Can You Get A Mortgage If You’re In Debt?

Applying for a mortgage can seem intimidating, even more so when you’ve got debt – but don’t worry! There are ways that you can show lenders you’re able to meet their requirements. Even if you’ve used a short-term loan to help you out of an emergency, mortgage lenders will take your reasoning into account and your application may not be affected. If you’re hoping to get a mortgage but you’ve racked up a bit of debt in the past, read on to find out more about how you can give yourself the best chance of being accepted. 

What is a mortgage? 

A mortgage refers to a loan that homeowners use to purchase a property. The homeowner borrows money from a lender, usually a bank, to secure a property and the loan is then repaid in instalments with interest. There are several different types of mortgages available depending on the lender that you choose – it is also necessary that the borrower meets requirements set out by the lender such as deposits, credit scores and affordability. You can pay a mortgage off over the number of years that you choose, the longer the mortgage term, the smaller the monthly repayment. 
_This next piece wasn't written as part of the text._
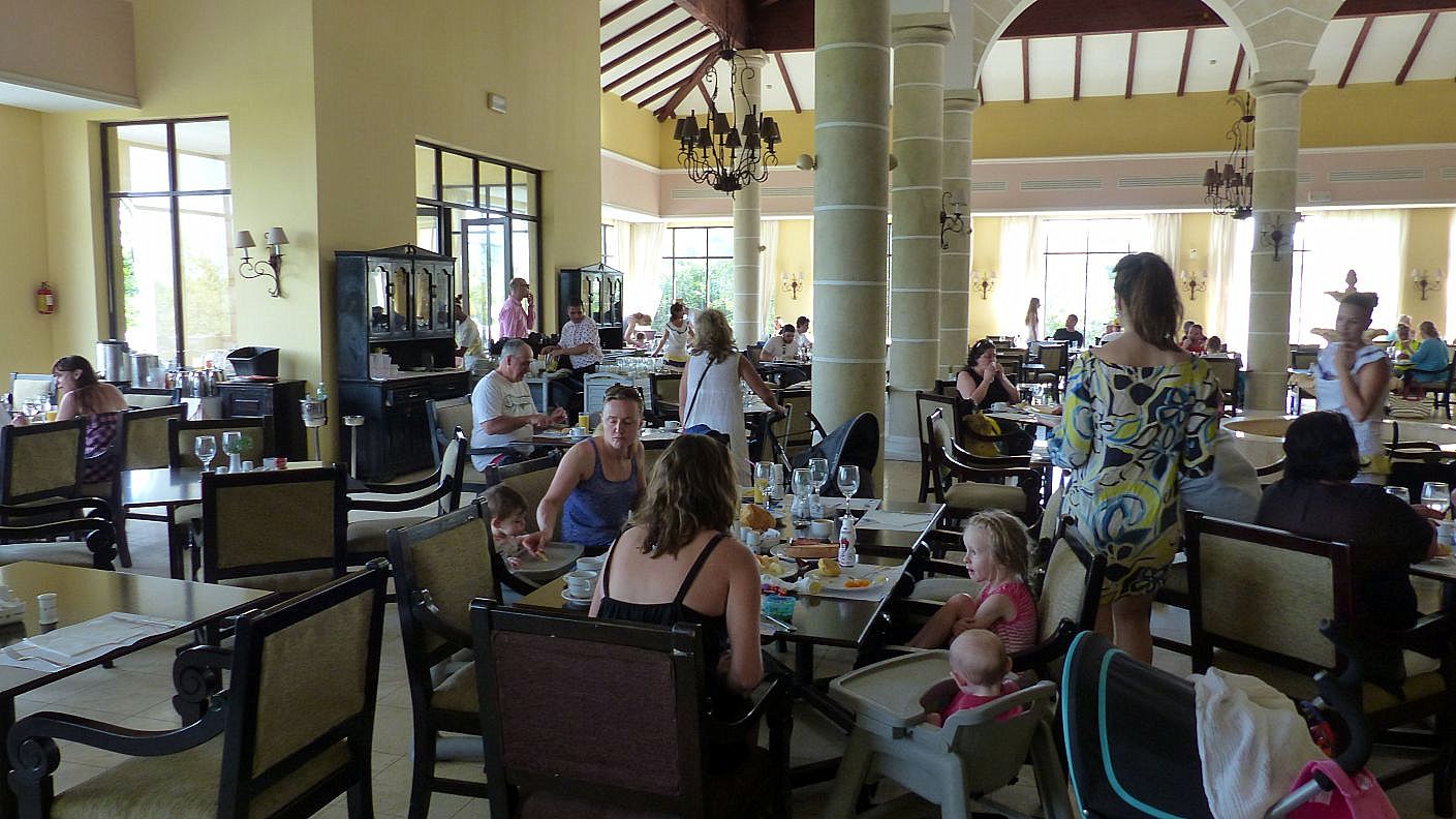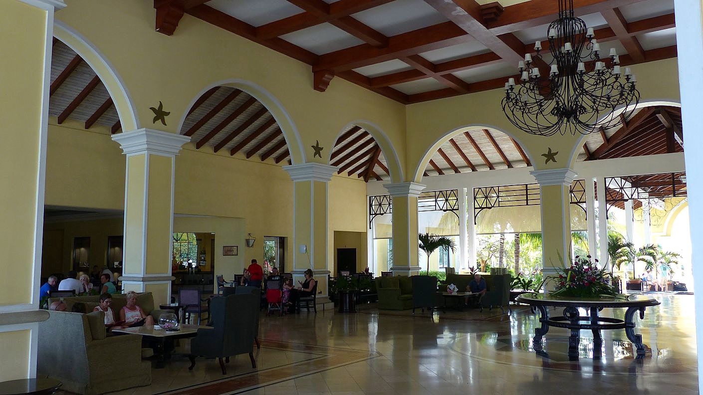 Heute sind wir erst gegen 7 Uhr aufgestanden. 2 große breite Betten mit guter Federung haben uns gut schlafen lassen. Wir nehmen uns Zeit bei den üblichen Vorbereitungen für den Tag. Draußen scheint schon die Sonne. Später gehen wir zum Frühstück wieder in die "große Bahnhofshalle" und werden freundlich nach unseren Tischwünschen gefragt und an einen entsprechenden Tisch geleitet. Das Frühstücksbuffet ist auch hier im Iberostar Hotel Ensenachos recht umfangreich, auch wenn es sich nicht mit dem im Melia Santiagode de Cuba messen kann. Es nicht ganz so umfangreich und wirkt teilweise etwas lieblos zusammengestellt. Aber wir finden auch für unseren Geschmack einiges zu essen und werden gut satt. Es ist heute früh nicht ganz so laut wie gestern Abend. Aber trotzdem fühlen wir uns hier (im Restaurant) nicht ganz so wohl wie in den Hotels zuvor.

Can you get a mortgage with debt? 

If you’re looking to get on the property ladder, you might be worried that the debt that you’ve not managed to pay off yet will impact your chances of being approved for a mortgage. You can get a mortgage if you have debt, and although it may be more difficult with some lenders than others, but your chances are not completely ruined. 

One of the main factors that lenders will consider is what they call a ‘debt-to-income’ ratio. In general, banks will look at how much of your income is lost to debt and make a decision based on the result. You are more likely to be approved for a mortgage if your debt payments are low and your income is high. If your debt repayments eat into a lot of your monthly income, getting a mortgage may be more difficult, as a mortgage is after all a loan, and the more debt you have, the more of risk lenders would be taking when it comes to you making the repayments. 

Bad credit 

When it comes to mortgages, lenders will look at your history – the types and amount of loans you still have to repay. Lenders may be more lenient with some loans than others, for example, a car payment each month is generally acceptable. However, credit card debt and payday loans are not helpful when it comes to standing you in the best position with lenders. And it’s not just the numbers or amount of debt that matters so much either – a lot of lenders will take the time to learn why and how you’ve accumulated your debt.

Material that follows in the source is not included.